Isolation of JEV and phylogenetic characterization. (A) In vitro culture of JEV from mosquitoes, passage 1 in Aedes alboptictus C6/36 cells. The cell culture monolayer was analyzed by an immunofluorescent antibody assay (IFA) using an anti-JEV monoclonal antibody, 6B4A-10 (Merck, Sigma-Aldrich, Australia). Viral infected positive cells are stained green (main image captured at 400 × magnification). (B) Maximum likelihood (ML) tree inferred from 247 JEV complete coding regions (10,300 nt) using IQ-Tree version 2.1.2 and the generalized time-reversible, empirical base frequencies, invariant sites, and FreeRate model with 4 categories (GTR + F + I + R4) nucleotide substitution model. The tree is midpoint rooted to provide visual definition and was constructed with bootstrap support estimated from 1000 replicates (percentage bootstrap values of 100 are represented by red dots for key nodes only). The five JEV genotypes (I–V) are represented. The Queensland (QLD) Australian mosquito 2022 JEV GIV sequence is highlighted in bold orange font and is grouping with other available JEV GIV, mosquito, human, and pig sequences. The sequences of previous mosquito, human, and pig isolates also detected in QLD are shown in respective JEV genotypes I and II. GIV, genotype four; JEV, Japanese encephalitis virus.

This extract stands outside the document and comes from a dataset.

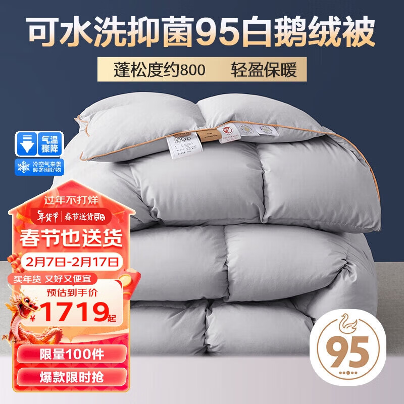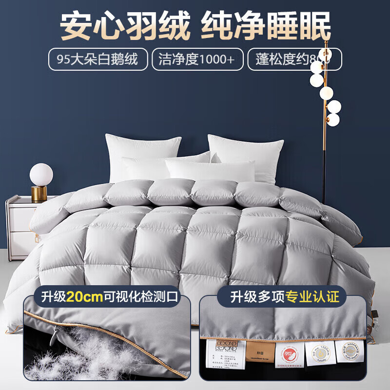 博洋家纺 曛暖 抑菌95%白鹅绒羽绒被 冬被(1000g填充)220*240cm价格:2619.00元!

Phylogenetic analyses comparing 247 JEV complete open reading frames (ORFs) demonstrated the JEV QLD_S46716_M2022 isolate (GenBank accession number OR965960) grouped with GIV (Fig. 1B). Although this virus was passaged in both mosquito and vertebrate cells, it shared 99.9% nucleotide identity with Australian JEV GIV 2022 pig sequences ON624132.1 (QLD) and OP904182.1 (NSW), and JEV GIV 2021 sequence OM867669.1 obtained from a fatal human JE case from the Tiwi Islands (Waller et al., 2022). In comparison, these four sequences which clustered within GIV were less closely related to other previous JEV sequences obtained in QLD. This included the sequence from the first reported fatal human case of JE caused by GIV (MT253731) obtained from a traveler returning to Australia from Bali, 2019 (Pyke et al., 2020) which shared 96.7% nucleotide identity with JEV QLD_S46716_M2022. The remaining QLD human, mosquito, and pig JEV GI and GII sequences collected between 1995 and 2004 (Fig. 1B) all shared >85.0% nucleotide identity with QLD_S46716_M2022.

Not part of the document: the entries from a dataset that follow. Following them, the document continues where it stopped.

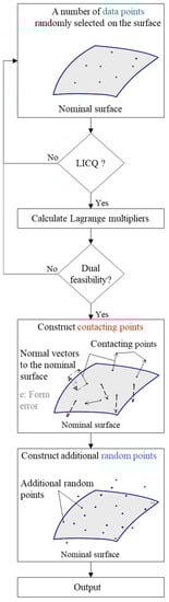 For MZ fitting, Forbes et al. [1] developed a method for the generation of reference softgauges with vertex solution. Similarly to LS fitting, the Karush–Kuhn–Tucker (KKT) optimality conditions for the MZ fitting problem are indispensable and the data points are generated such as to meet the number of conditions reported by Boyd et al. [25]. A set of points are selected on the nominal shape, such that the linear independence constraint qualification (LICQ) of the problem holds [26]. Then, equations resulting from KKT conditions are solved in order to determine the Lagrangian multiplier [25]. If the resulting Lagrange multipliers are not positive (dual feasibility does not hold), a new set of data points are chosen and the procedure is repeated. Once the dual feasibility condition is satisfied, the contacting points are constructed and additional random points are generated on the surface. A flowchart describing the proposed approach is illustrated in Figure 4.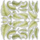 30 Green Watercolor Fern Leaves Contour Cut Stickers in assorted types and sizes. Painted by Lillian Egleston.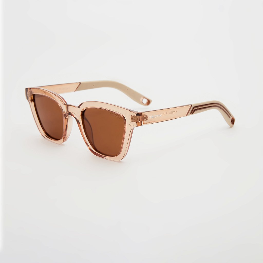 Óculos de sol Triton estilo clássico, formato quadrado na cor nude. Armação em acetato e lentes na cor marrom. As plaquetas são embutidas. Lentes possuem proteção 100% UVA e UVB, protegendo seus olhos contra os raios nocivos do sol e prevenindo o risco de doenças oculares.

Further scrutiny of amino acid (aa) coding sequences demonstrated QLD_S46716_M2022 was most closely related to the QLD GIV 2022 pig sequence (ON624132.1) with which it shared 99.97% aa identity and differed from it by only one nonconserved aa change, R493K in the NS3 gene. However, other recent GIV NSW (OP904182.1), Tiwi Islands (OM867669.1), and Bali 2019 (MT253731.1) sequences all contained a K residue at NS3 position 493 identical to QLD_S46716_M2022. Interestingly, the cluster of 4 GIV sequences containing QLD_S46716_M2022 (Fig. 1B) all contained at least 23 aa changes within the JEV ORF and were distinctly different to the recent Bali 2019 (MT253731.1) sequence obtained from nearby Indonesia.

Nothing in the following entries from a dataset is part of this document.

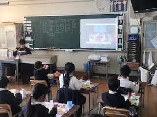 この日の給食中、1時間目の「韓国・朝鮮の文化にふれるつどい」の発表映像をみているクラスもありました!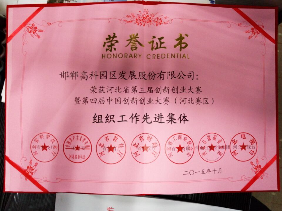 在本年度舉辦的河北省第三屆創(chuàng)新創(chuàng)業(yè)大賽暨第四屆中國創(chuàng)新創(chuàng)業(yè)大賽(河北賽區(qū))決賽中,邯鄲高科園憑出色組織工作,榮獲大賽的“組織工作先進(jìn)集體”獎。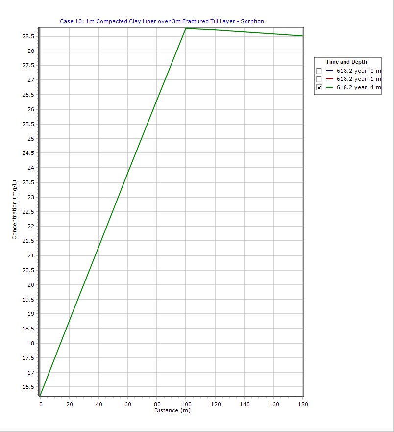 This example builds on earlier cases by modeling contaminant migration through a landfill barrier system that includes both compacted clay and a fractured till layer, while accounting for retardation due to sorption.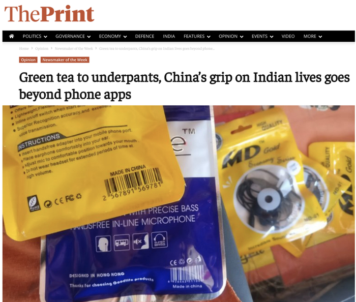 印度ThePrint新闻网7月4日文章,原题:从绿茶到内裤,中国对印度人生活的影响远超手机App 副题:没了从中国进口的8000多种商品中的大多数,印度人就无法生活。

The transmission dynamics and disease potential of JEV GIV is largely uncharacterized but before 2022, infections of this emerging genotype had caused two known human fatalities (Pyke et al., 2020; Waller et al., 2022). Notably, it was the only genotype detected during the Australian 2022 mainland JEV outbreak [Australian Government Department of Health and Aged Care (DoHAC) 2023]. The recovery of representative GIV isolates, such as the one reported herein, is essential for viral phenotypic experiments including assessment of mosquito vector competence, and in vitro and in vivo pathogenicity studies which will assist future research of JEV host interactions, evolution, and potential disease markers, and the development of effective therapies, vaccines, diagnostic assays, and mosquito control strategies.